In expon it does not seem to exist:

https://github.com/scipy/scipy/blob/master/scipy/stats/distributions.py#L2770

Then, in Erlang it is called 'n'. I suppose this would mean the number
of stages. So in Erlang, why then is the scale parameter corresponding
to the shape? BTW: should the scale in the erlang dist dosctring not
be explained?

Then, from the gamma dist I learn the following:

https://github.com/scipy/scipy/blob/master/scipy/stats/distributions.py#L3382

So that would mean that in the expon dist the shape is set to 1.

Then, here:

http://docs.scipy.org/doc/scipy/reference/generated/scipy.stats.erlang.html

it states that the shape parameter should be an int, but in the
examples section it is set to 0.9, i.e., the documentation states
this:

>>> from scipy.stats import erlang
>>> numargs = erlang.numargs
>>> [ n ] = [0.9,] * numargs
>>> rv = erlang(n)

from which I infer that the shape is set to 0.9.

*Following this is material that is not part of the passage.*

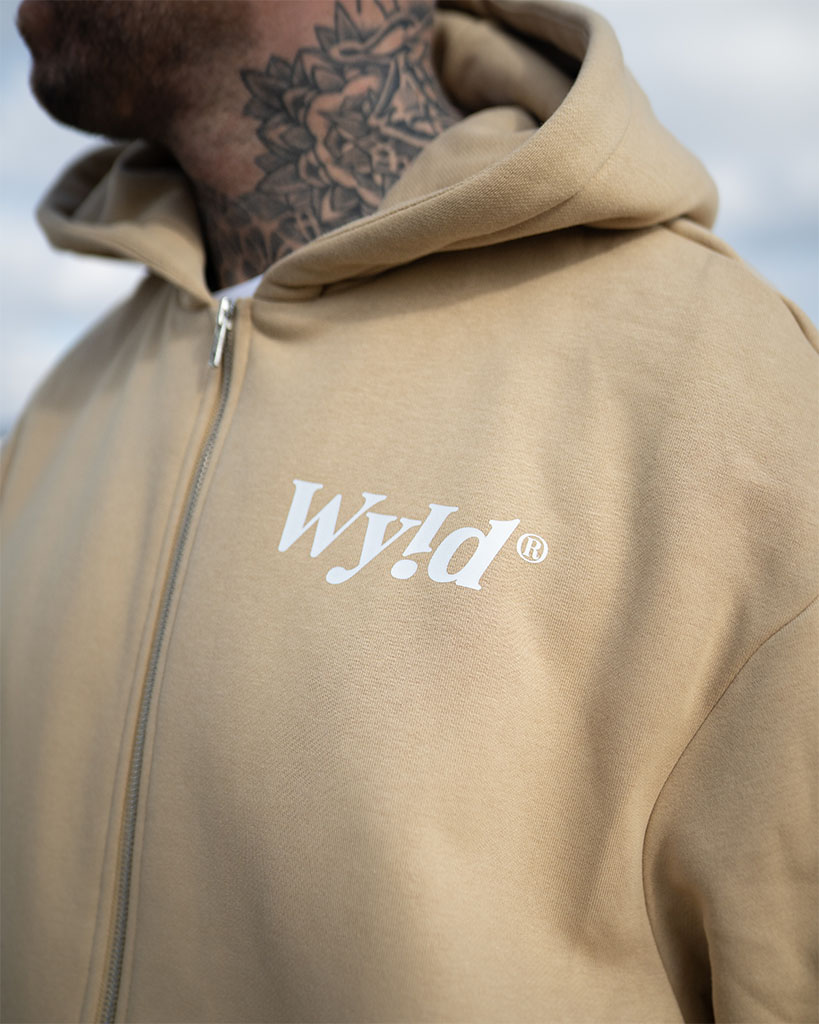 Lässiger Zip Hoodie im Oversized Look mit kleinem Frontprint links auf der Brust und großem Backprint.
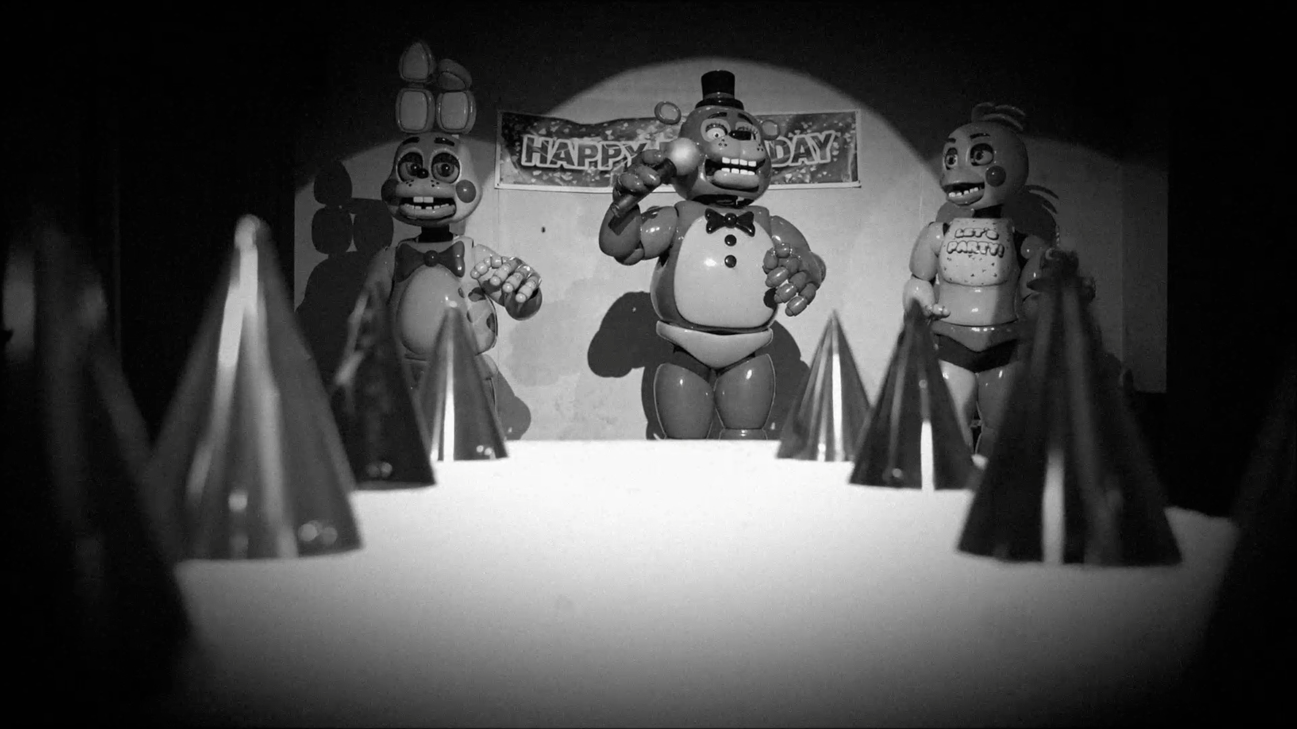We built a life-sized set full of real animatronic characters and filmed it.

All in all, I don't quite know what to expect with regard to the use
and purpose of shape.

Is the shape parameter explained somewhere explicitly? if not,
wouldn't the stats tutorial be the best place? Who is the author of
this doc? How can I help change it?

2)

Would it be a good idea to make the use of the loc and scale parameter
explicit in the doc strings of the distributions? I recall that, as a
first time user, I had no clue what they meant, and that it took some
struggling and searching to figure out what they came down to.
Besides, the doc strings are not allways complete. For instance, this
is the string for the epx distribution:

The probability density function for `expon` is::

        expon.pdf(x) = exp(-x)

    for ``x >= 0``.

    The scale parameter is equal to ``scale = 1.0 / lambda``.

So, what is lambda here? Is it: pdf(x) = lambda * exp(-x lambda), or
is it pdf(x) = exp(-x/lambda)/lamda? After some experimentation I
found out, but the documentation is not explicit enough in my opinion.
Suppose we would restate it like this:

cdf(x) = 1. - exp( -(x-loc)/scale).

Then I think it would be clear immediately, and also
interpretation-free. Likewise for other distributions.

3)
I am really willing to help improve stats and the documentation at
points more consistent, but I don't quite know where to start.  In the
process I raise all these points. Is this list the best place, or
should I send my comments to Josef (?)?

Nicky